I wonder whose "mental impressions" are considered national defense information?
Tis nary a phone slip between ear and lip.
Well, they want to be exempt.
“The Attorney General shall assess compliance with such procedures and shall report such assessments to the Permanent Select Committee on Intelligence of the House of Representatives and the Select Committee on Intelligence of the Senate under section 108 (a)”
They seem to have missed a few steps in following these procedures.
Ah-one ringy-dingy . . .
Ah-two ringy-dingies . . .
Ah-three ringy-dingies . . .
Mr. Mukasey? Please hold for Mr. Rockefeller. I believe he has a few questions for you . . .
Jello Jay does not have the intestinal fortitude to make such a call…..
I noticed part of the 204pp draft law seems to exempt odni from future foia requests; also there is a paring of oversight by congress, a suggestion to omit public version of some reports; and the outside contractor issue has coverage. Seems lots in there. Finding draft legislation even in congress is difficult. There was an early internet era dustup over making draft laws more available to the public instead of to the select few who had lobbyists in the capitol to obtain markups, in one state in which I worked at some of these interfaces; in fact EFF’s early founders were involved in leading the legislature to helping that happen. But I need to read more in the first set, as well.
So under the present law they have to get a court order if they are conducting electronic surveillance on two foreign persons?
So to evade the law, the phone companies resort to such low tech methods as hand written communications.
Dastardly rascals! Employing such underhanded primitive tools.
underhanded primitive tool
sounds like a certain someone who posts here.
garyg,
I will take that as a compliment meaning that I am simple, direct and exceedingly effective.
Thanks
Well EW, after reading through all the latest DNI/ODNI document dump, most of it appears to be garbage. Stuff like the Administration’s 200+ page draft of the PPA.
The only good bits that surfaced were as you mentioned that Phone Slip that will never be seen in public, and the nugget I mentioned in your “We’re not getting the FISA opinions” post” which I’ll reprise here:
From part one of the ODNI documents, a Mikey McConnell – DNI letter to the chair and ranking memmber of the HIC dated June 8th, 2007:
My takeaway on the bolded part is that the WH refuses to provide Congress the “the President’s authorizations of the Program” because the said authorization is for far more programs, activities and actions that with certainty the public knows about, and tis highly probable that it is also much more than the Congress knows about.
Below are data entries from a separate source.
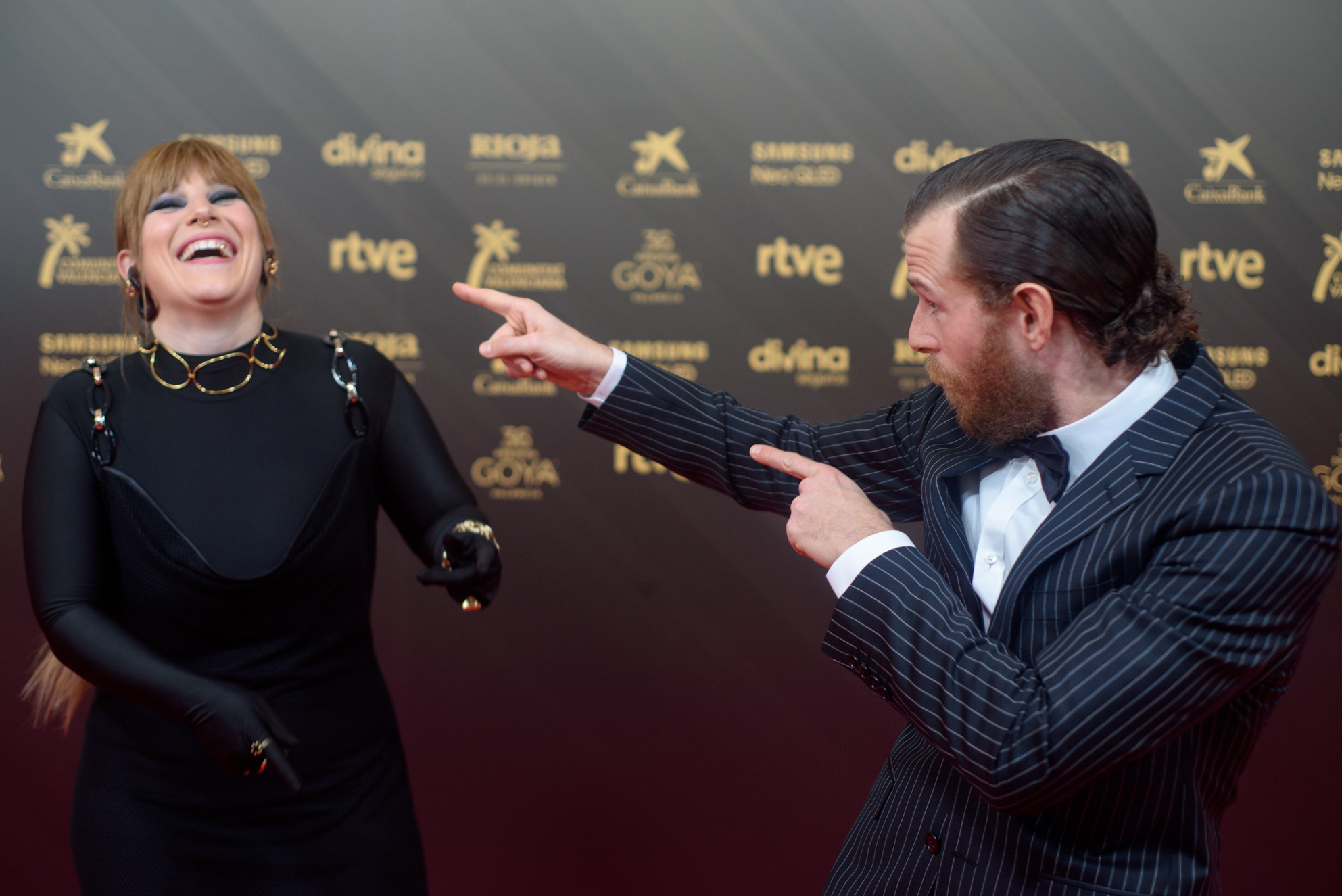 Ángela Cervantes y su hermano Álvaro Cervantes, bromeando en la alfombra roja.
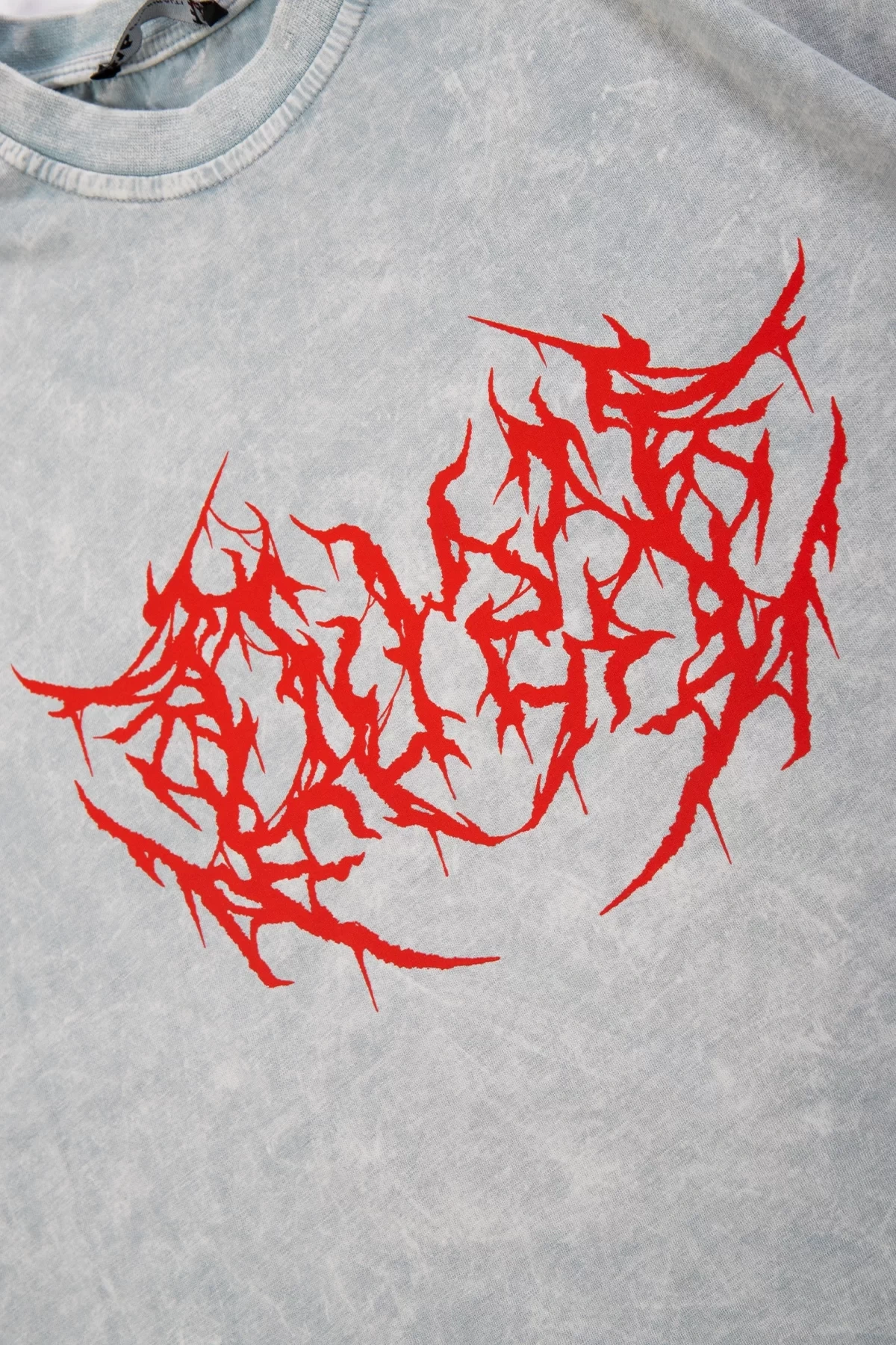 Yıkamalı Beyaz Kırmızı Dusk Baskılı Oversize Unisex Tshirt
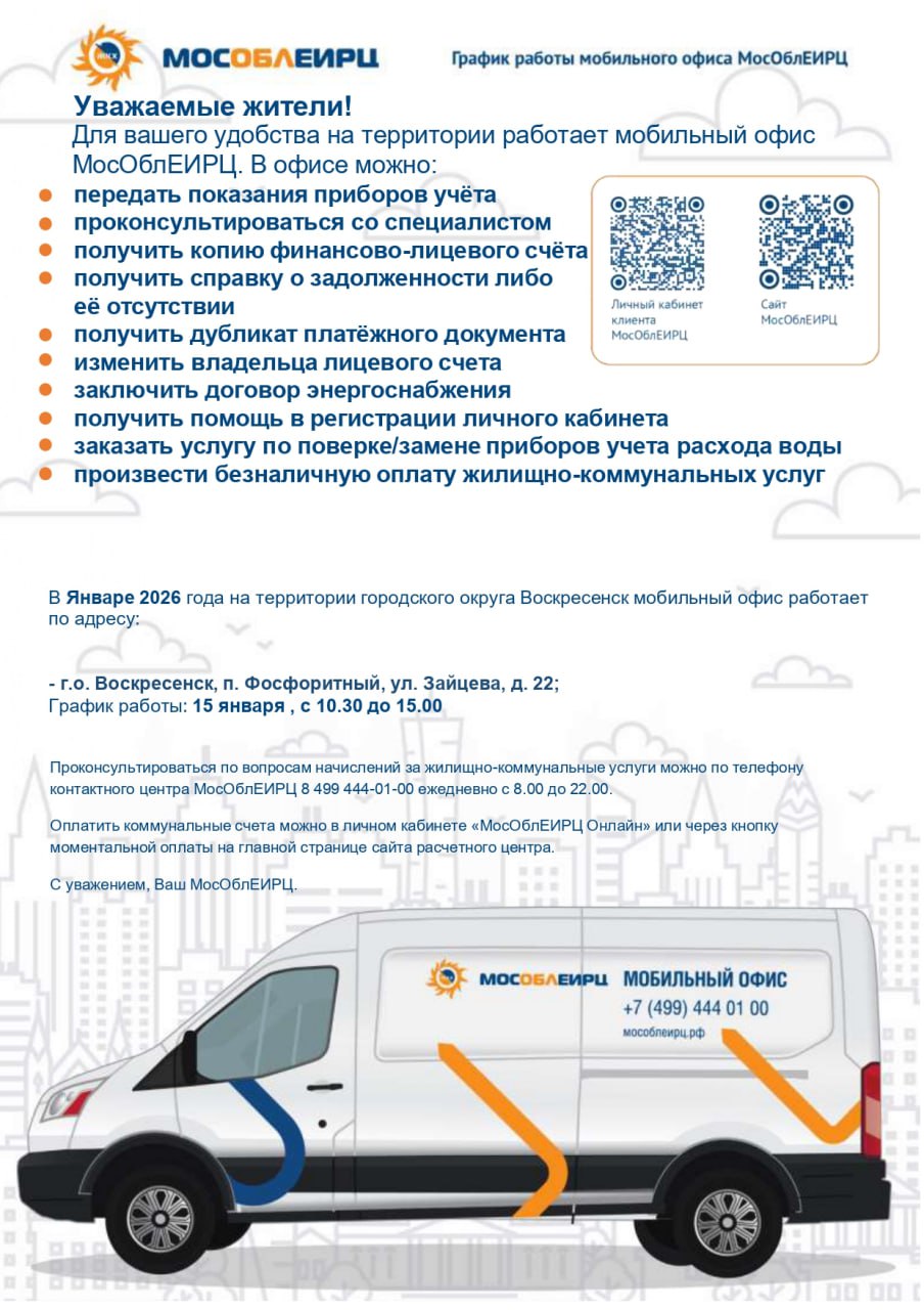 Информируем, что 15 января 2026 года для удобства жителей будет работать мобильный офис МосОблЕИРЦ по адресу: г. о. Воскресенск, п. Фосфоритный, ул. Зайцева, д. 22 с 10.30 до 15.00.
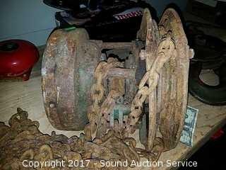 Lot #0158: Vtg. Yale Spur Geared Chain Block Hoist
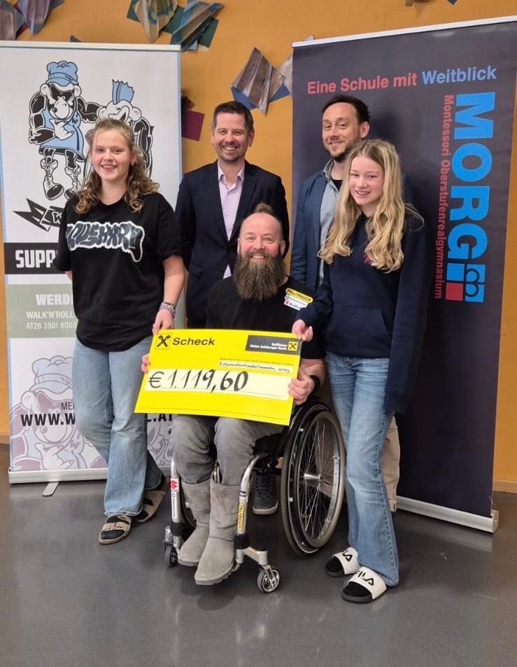 MORG und MMS Grödig spenden gemeinsam für den Verein WALK’N’ROLL. Der Verein will körperlich behinderten Menschen mit Visionen helfen diese nachhaltig umzusetzen. Thomas Geierspichler hat uns letztes Jahr besucht und einen Vortrag über sein Leben gehalten und die Schüler*innen motiviert ihr Leben in die Hand zu nehmen. Parallel wurden EUR 1119,60 an Spenden gesammelt und Ende Februar an den Obmann überreicht.
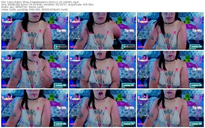 There are a total of 407 recordings (137 hours) of NatalieHarris from Cams and Stripchat available below.
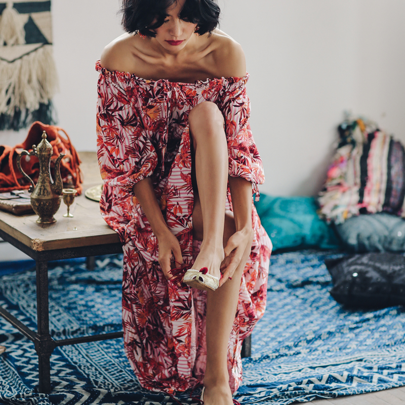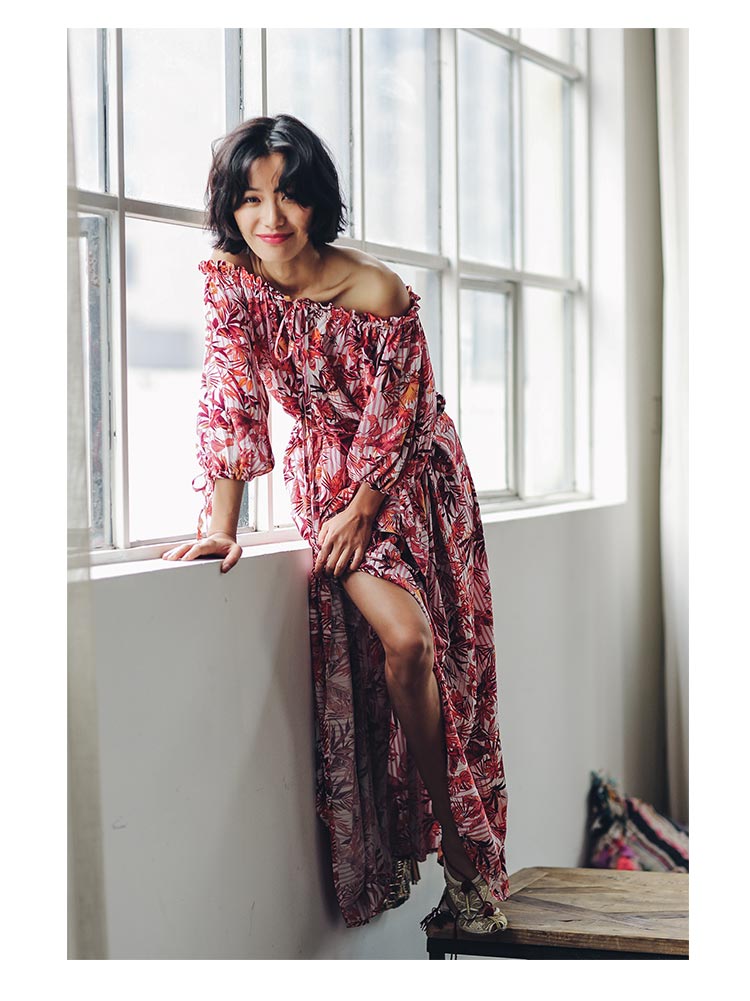 SINCE THEN OFF SHOULDER MAXI DRESS IN TROPICAL PRINT
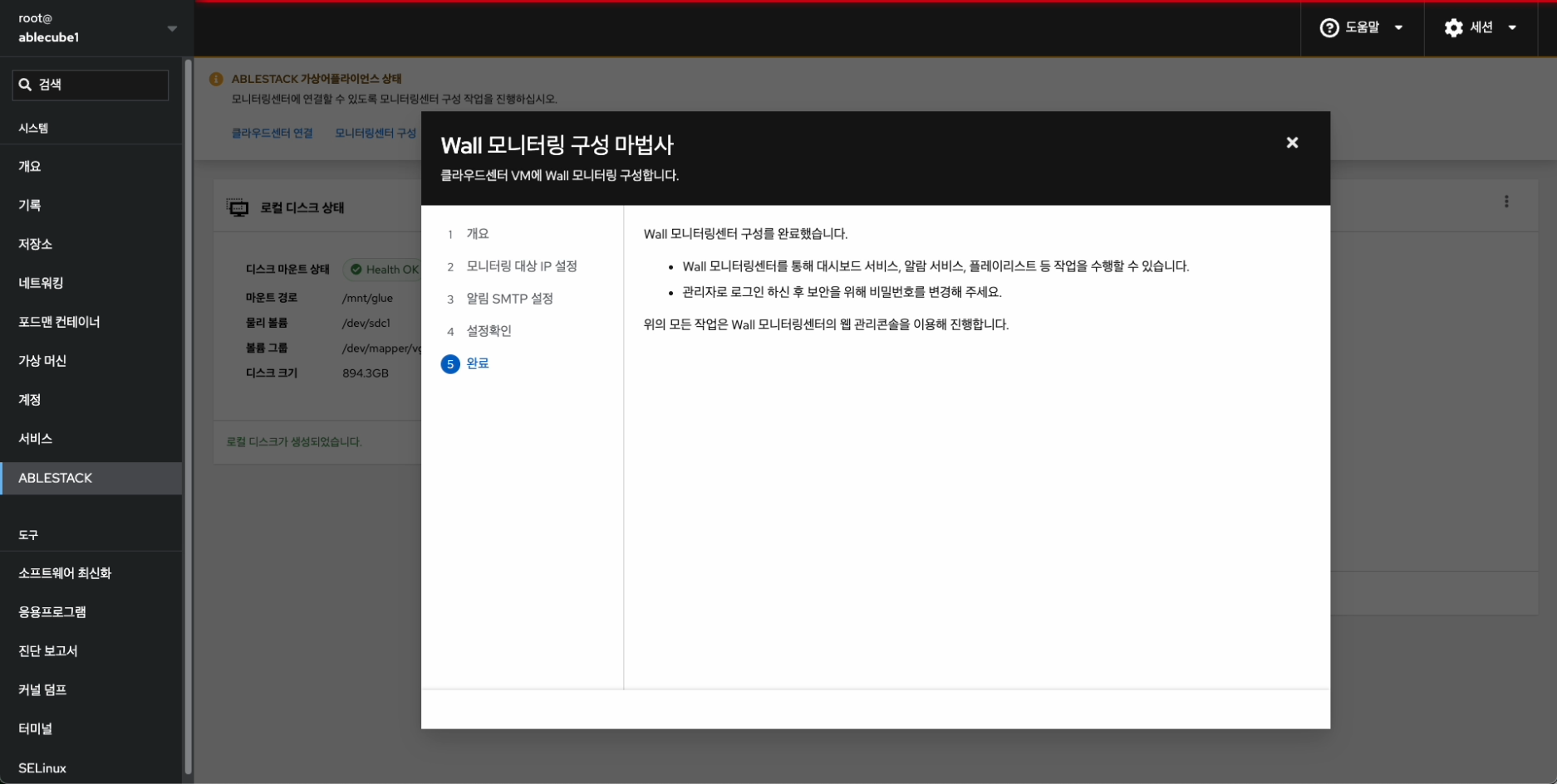 - 모니터링센터 구성 진행 완료 후 화면입니다.
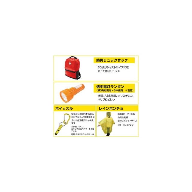 防災セット30点入り<br>災害時に必要なものを取りまとめた 避難リュックセット。 安全な場所に逃げるために必要なものを30点揃えました。<br>すでに準備している物と重複しないように、もしくは重複しても困らないような商品(消耗品など)を中心に選定した無駄のないセットを作ろう!という考えの元、作られたセットです。<br>まずは生きる!一次避難対策に絞った商品群なので、その分、軽量化・低価格化に成功しました。<br>低価格になった事により、防災バッグが身近な物になり、お手軽に一人に1袋持つことが出来ます。
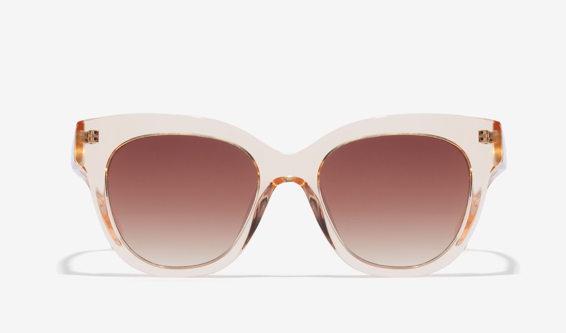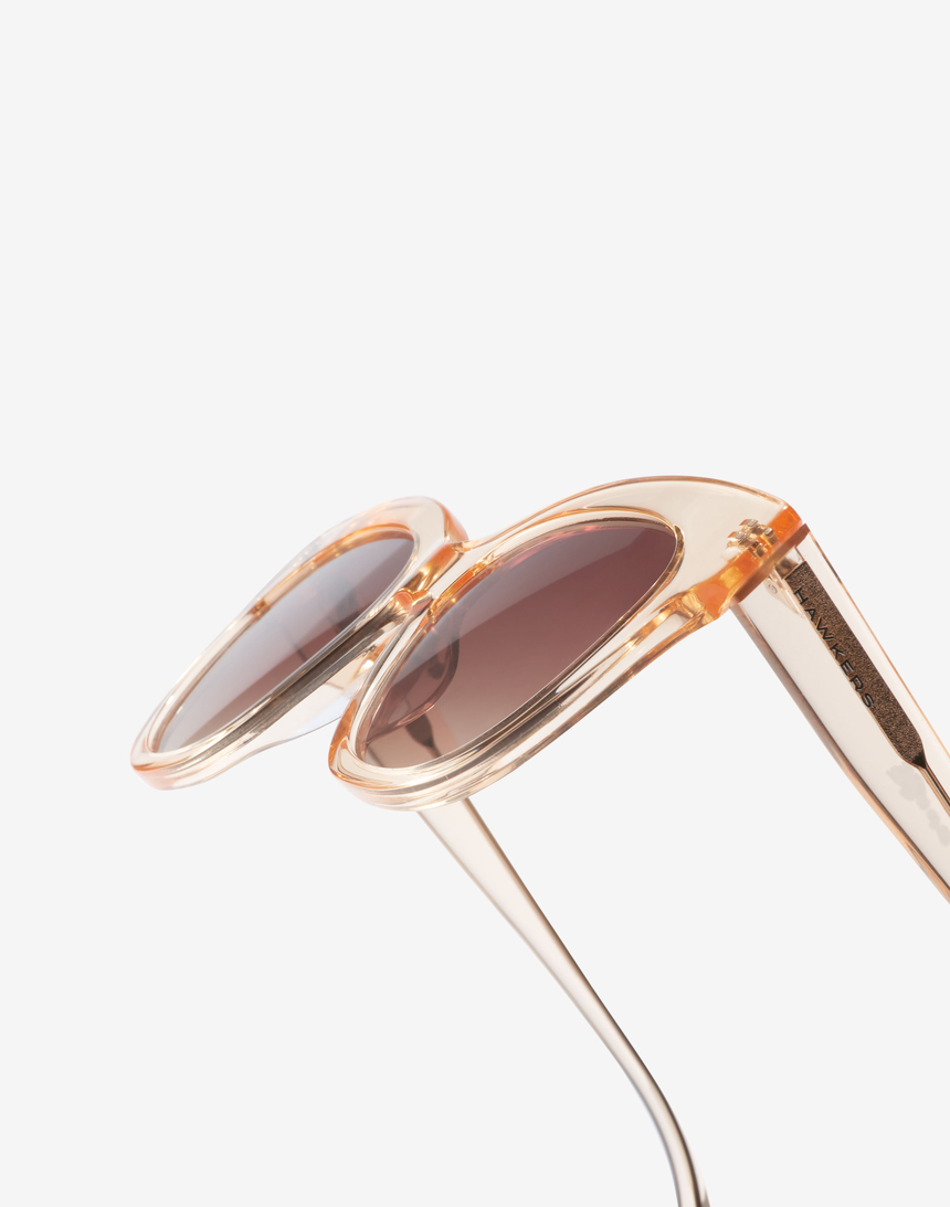 Gafas de sol Hawkers estilo mariposa que recuperan las líneas sofisticadas y femeninas de los años 70. Montura transparente en color champán con lentes marrones degradas categoría 3 y protección UV400.

Plus these “unmentionables” are also likely against the law.
Wonder if any of the candidates campaigning participated in briefings on draft PAA between their live sessions at yK that week just before congress passed the sunsetted version of it. Some candidates had a tight schedule for appearance length there.
What’s primitive is skirting the american public and the very foundation of democracy. It’s kinda like Bushco and the teleco’s went back to the days of King George. (they forgot about the constitution and the bill of rights.) Now that’s primitive!!!